Some code if that helps you django people :
class Alias(models.Model) :
awards = models.ManyToManyField('Award', through='Achiever')
#property
def points(self) :
p = cache.get('alias_points_' + str(self.id))
if p is not None : return p
points = 0
for a in self.achiever_set.all() :
points += a.award.points * a.count
cache.set('alias_points_' + str(self.id), points, 60 * 60) # 1 hour
return points
class Award(MyBaseModel):
owner_points = models.IntegerField(help_text="A non-normalized point value. Very subjective but try to be consistent. Should be proporional. 2x points = 2x effort (or skill)")
true_points = models.FloatField(help_text="The true value of this award. Recalculated with a cron job. Based on number of people who won it", editable=False, null=True)
#property
def points(self) :
if self.true_points :
# blend true_points into real points over 30 days
age = datetime.now() - self.created
blend_days = 30
if age > timedelta(days=blend_days) :
age = timedelta(days=blend_days)
num_days = 1.0 * age.days / blend_days
r = self.true_points * num_days + self.owner_points * (1 - num_days)
return int(r * 10) / 10.0
else :
return self.owner_points
class Achiever(MyBaseModel):
award = models.ForeignKey(Award)
alias = models.ForeignKey(Alias)
count = models.IntegerField(default=1)
I think Counterstrike solves this by requiring users to meet a minimum threshold to become ranked--you only need to accurately sort the top 10% or whatever.
If you want to sort everyone, consider that you don't need to sort them perfectly: sort them to 2 significant figures. With 1M users you could update the leaderboard for the top 100 users in real time, the next 1000 users to the nearest 10, then the masses to the nearest 1% or 10%. You won't jump from place 500,000 to place 99 in one round.
Its meaningless to get the 10 user context above and below place 500,000--the ordering of the masses will be incredibly jittery from round to round due to the exponential distribution.
Edit: Take a look at the SO leaderboard. Now go to page 500 out of 2500 (roughly 20th percentile). Is there any point to telling the people with rep '157' that the 10 people on either side of them also have rep '157'? You'll jump 20 places either way if your rep goes up or down a point. More extreme, is that right now the bottom 1056 pages (out of 2538), or the bottom 42% of users, are tied with rep 1. you get one more point, and you jumped up 1055 pages. Which is roughly a 37,000 increase in rank. It might be cool to tell them "you can beat 37k people if you get one more point!" but does it matter how many significant figures the 37k number has?

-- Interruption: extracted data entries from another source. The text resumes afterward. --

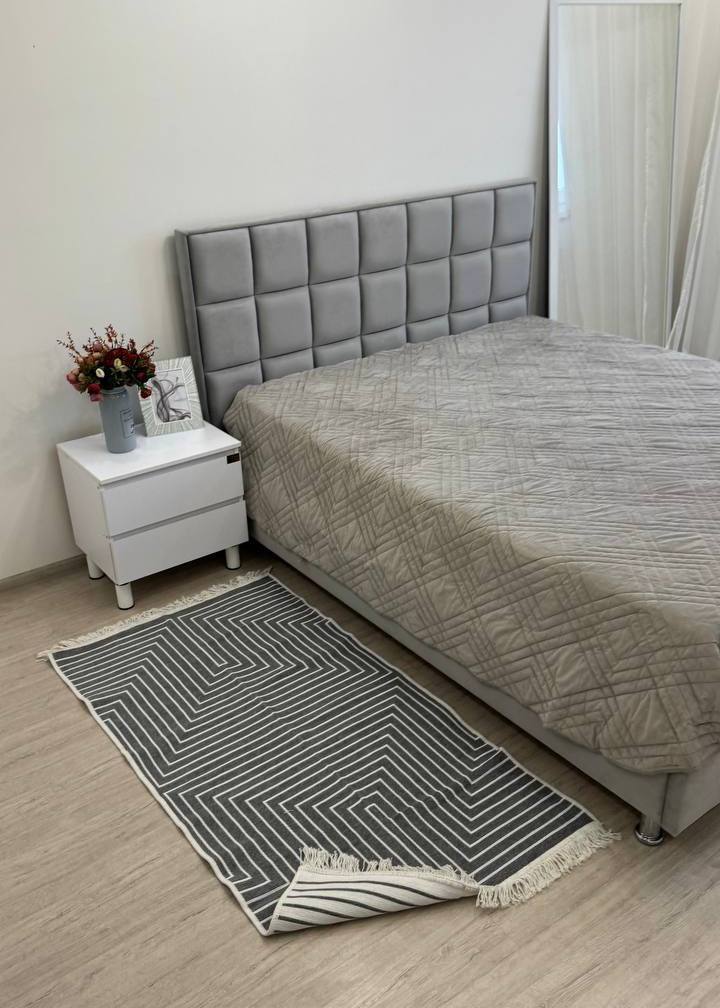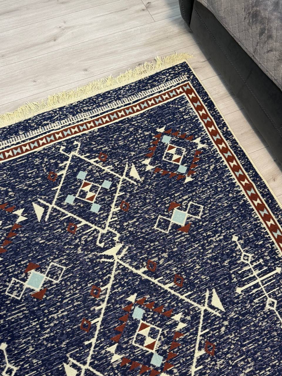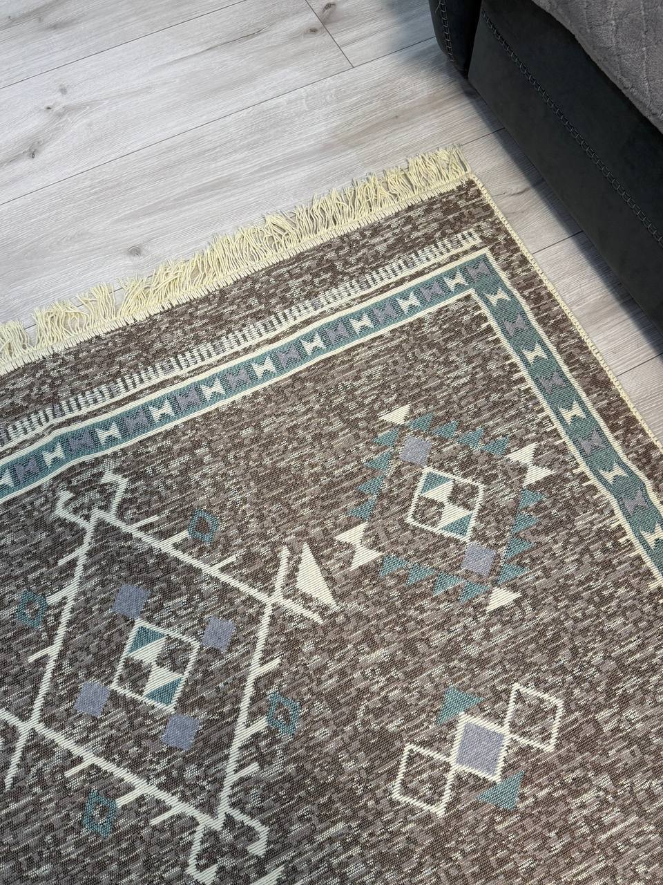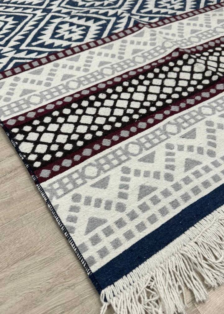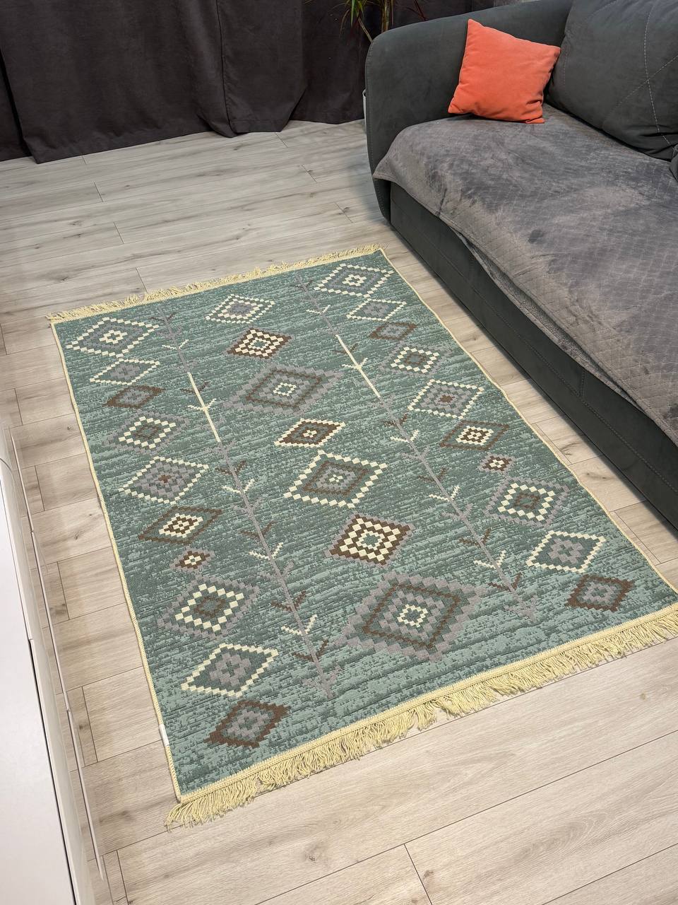 Двосторонній бавовняний килим — стиль і практичність в одному. Це килим у морському відтінку, такий дизайн ще є в сірому та бежевому. Дуже приємний та м'який на дотик, можна легко прати в машинці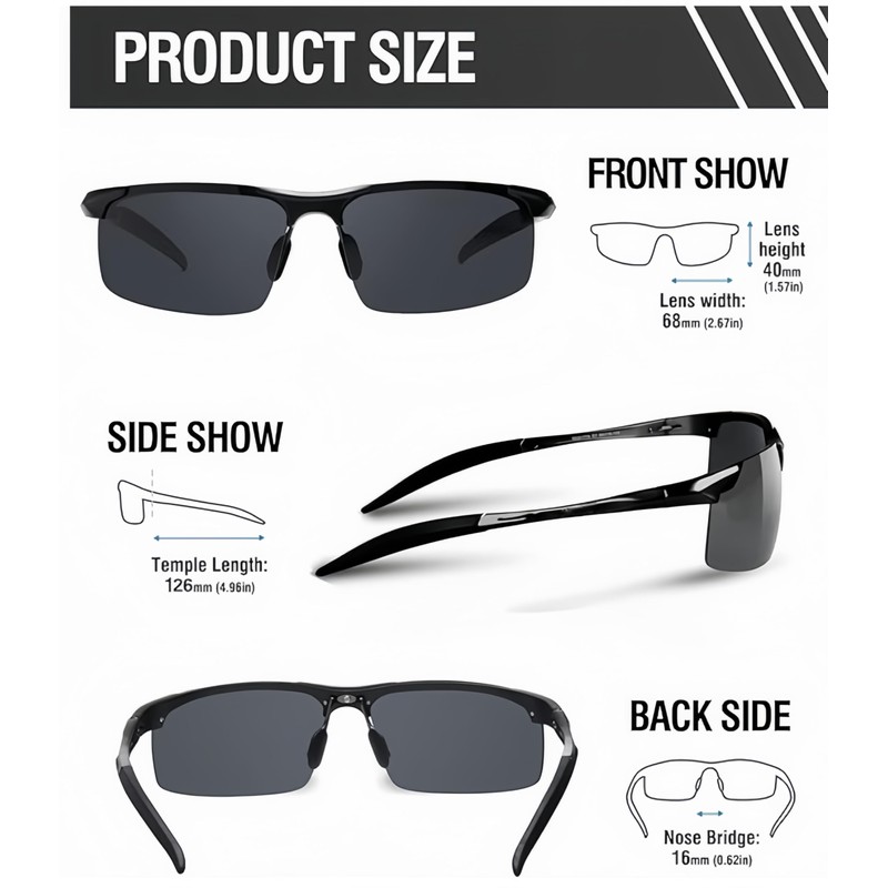- 1.TAC Polarized HD Lenses with UV400 Defense – Equipped with impact-resistant TAC polarized lenses, these sunglasses eliminate glare and restore true color vision while blocking 100% UVA/UVB rays. Ideal for driving, cycling, and high-speed sports.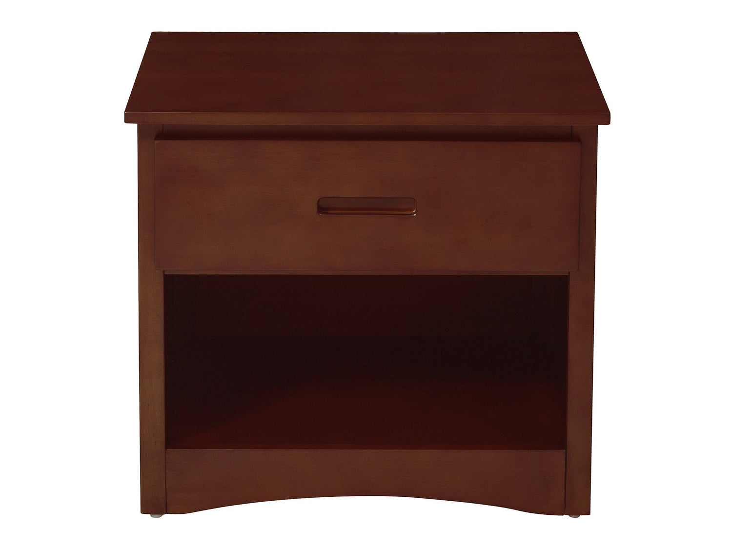 The transitional design of the Rowe Collection’s nightstand is featured in a dark cherry finish making it an appropriate choice for a number of youth bedroom settings. Also available: twin over twin bunkbed, twin over full bunkbed, full over full bunkbed, twin over twin trundle bed with two built-in drawers, underbed dual toy boxes, twin trundle, dresser, mirror and chest.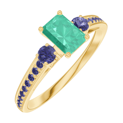 « L'ATELIER » Nº162074Bague Or jaune 9 carats - Émeraude Rectangle 0.3 carat - Pierres de côté Saphir bleu - Sertissage Saphir bleu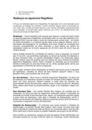 O documento descreve várias ações do plano de trânsito da prefeitura do Recife, incluindo: 1) aumento do efetivo de agentes de trânsito, 2) modernização de semáforos, 3) mudanças nas vias Avenida Agamenon Magalhães, Avenida Norte e Rua Capitão Rebelinho para melhorar o fluxo, e 4) novas regras para carga e descarga.

There's no value in knowing your peers on a ladder until you're already at the top, because anywhere but the top, there's an overwhelming number of them.
One million is not so much, I would try it the easy way first. If the points property is the thing you are sorting on that needs to be a database column. Then you can just do a count of points greater than the person in question to get the rank. To get other people near a person in question you do a query of people with higher points and sort ascending limit it to the number of people you want.
The tricky thing will be calculating the points on save. You need to use the current time as a bonus multiplier. One point now needs to turn into a number that is less than 1 point 5 days from now. If your users frequently gain points you will need to create a queue to handle the load.